I posted on my dining room back in October {read that post HERE}. It’s the first room you see when you walk into my house, and it was my least favorite. I couldn’t allow that to happen! So, I sold the rug and window treatments on Craigslist, painted, hung open shelving, turned two art prints into chalkboards, recovered my piano bench with gray chevron fabric, painted an old metal stool metallic silver, and stuck shelf paper on the door panels of the serving buffet. Phew!
The lady who bought my window treatments through Craigslist was super-nice. She liked the way I had decorated my house, and wound up being my very first decorating client. Hi, Tina!
As a random aside, the stuff I sold on Craigslist more than covered the cost of the paint and supplies I bought to redo the room. This is a very important point, and I’m throwing it in here specifically for the benefit of my dear husband (who reads all of my posts) and who probably wonders why I have to redecorate rooms more than once. See, honey, it didn’t cost a thing! 🙂
Here was what I started with:
And here is how it looked when I was done with it. Harley is sorry he ripped the antique hooked wool rug.!
The only thing that was left was window treatments, but as Christmas was coming at me like a speeding bullet train, I had to put them on the back burner for awhile. Here was what we stared at for a couple of months:
Part of my goal for this room was to make it look more casual. Dining rooms are rarely used anymore for very formal dinners–the way we eat and entertain has certainly changed over the last few years, hasn’t it? I decided that the horizontally striped painted curtains that I’ve seen all over Pinterest would be a great, inexpensive way to add visual interest and tie the room together.
I bought the cheapest white panels at Target that I could find ($15 for two panels). In hindsight, I should have spent $30 on the fabric that was a smooth cotton duck because it’s easier to maintain a line that doesn’t bleed, but that’s okay. I was after quick and cheap here, not perfect!
Using painter’s tape and a level, I taped stripes that would be approximately 9″ thick. I wanted a gray stripe at the top and the bottom, to ground the drapes, so I did the math accordingly. I also put a big “X” in the middle of the stripes that I needed to paint so I wouldn’t get mixed up (this has been known to happen on rare occasion). Note that the stripes don’t look even, because the tape goes inside the line on the stripes that stay white and makes those stripes look smaller. Does that make sense?
Then my daughter and I painted for awhile (!). I used Fawn Brindle by Sherwin Williams–remember, I used half-strength Fawn Brindle on the dining room walls, so this was slightly darker. A contrasting color stripe would have been cute, too, if I was using an accent color in this room. Yellow, anyone?
It took those suckers awhile to dry, and when they did the dried paint was stiff!
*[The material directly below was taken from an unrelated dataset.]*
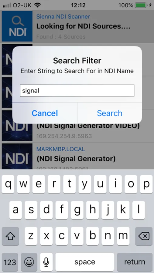 Selecting a source also offers the option to open that source in Sienna NDI Monitor for iOS (if installed).

I used the wire drapery hangers (Hobby Lobby, $2) to hang them onto the curtain rings. You’ll see that I kept my heavy black rods and rings when I sold the original drapes on Craigslist–oftentimes the drapery hardware is more expensive than the window treatments themselves!
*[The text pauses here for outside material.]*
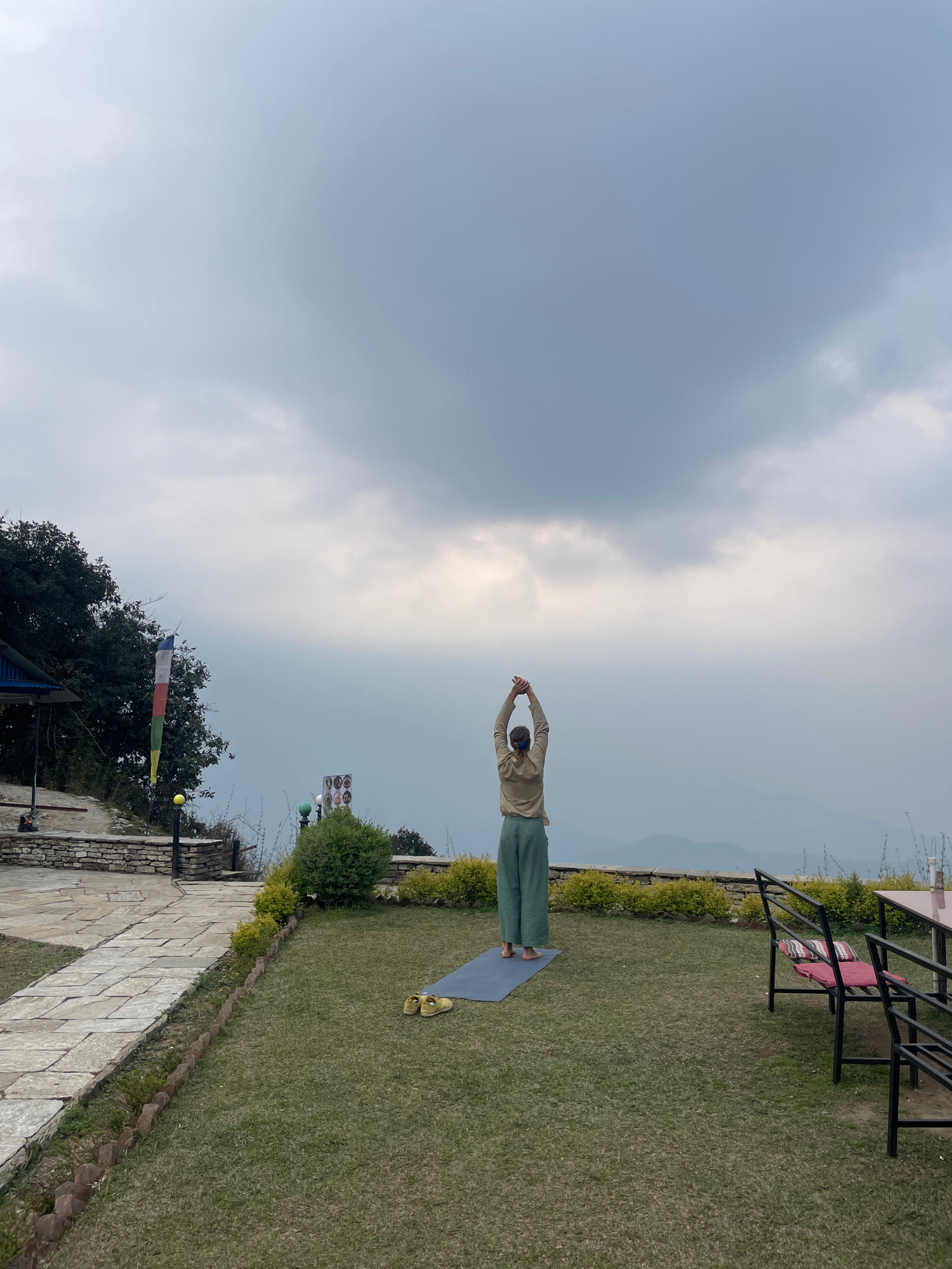 A medium shot presents a figure in a standing position on a grey yoga mat amidst a grassy expanse, likely in Dhampus Phedi, Nepal, judging by the backdrop of mountains and sky typical of the region. T…read more

Even though the stripes aren’t quite perfect and there’s some bleed-through, I love them. A $30 fix was exactly what I was after. Since we’ll be renting this house when we move this summer, I won’t feel bad leaving $30 window treatments behind if the tenants want to keep them.
Here are the after shots. I actually really like the way the sun shines through the stripes.
If we were going to be here longer, I’d buy a new rug–maybe jute or seagrass–and paint the table and chairs, but for now I’ll wait until we’re in our next house. The movers always mess up my furniture, anyway, and the dining table might not even survive the next move.
That’s it–what do you think? I’m always amazed and you can really, truly, paint almost anything.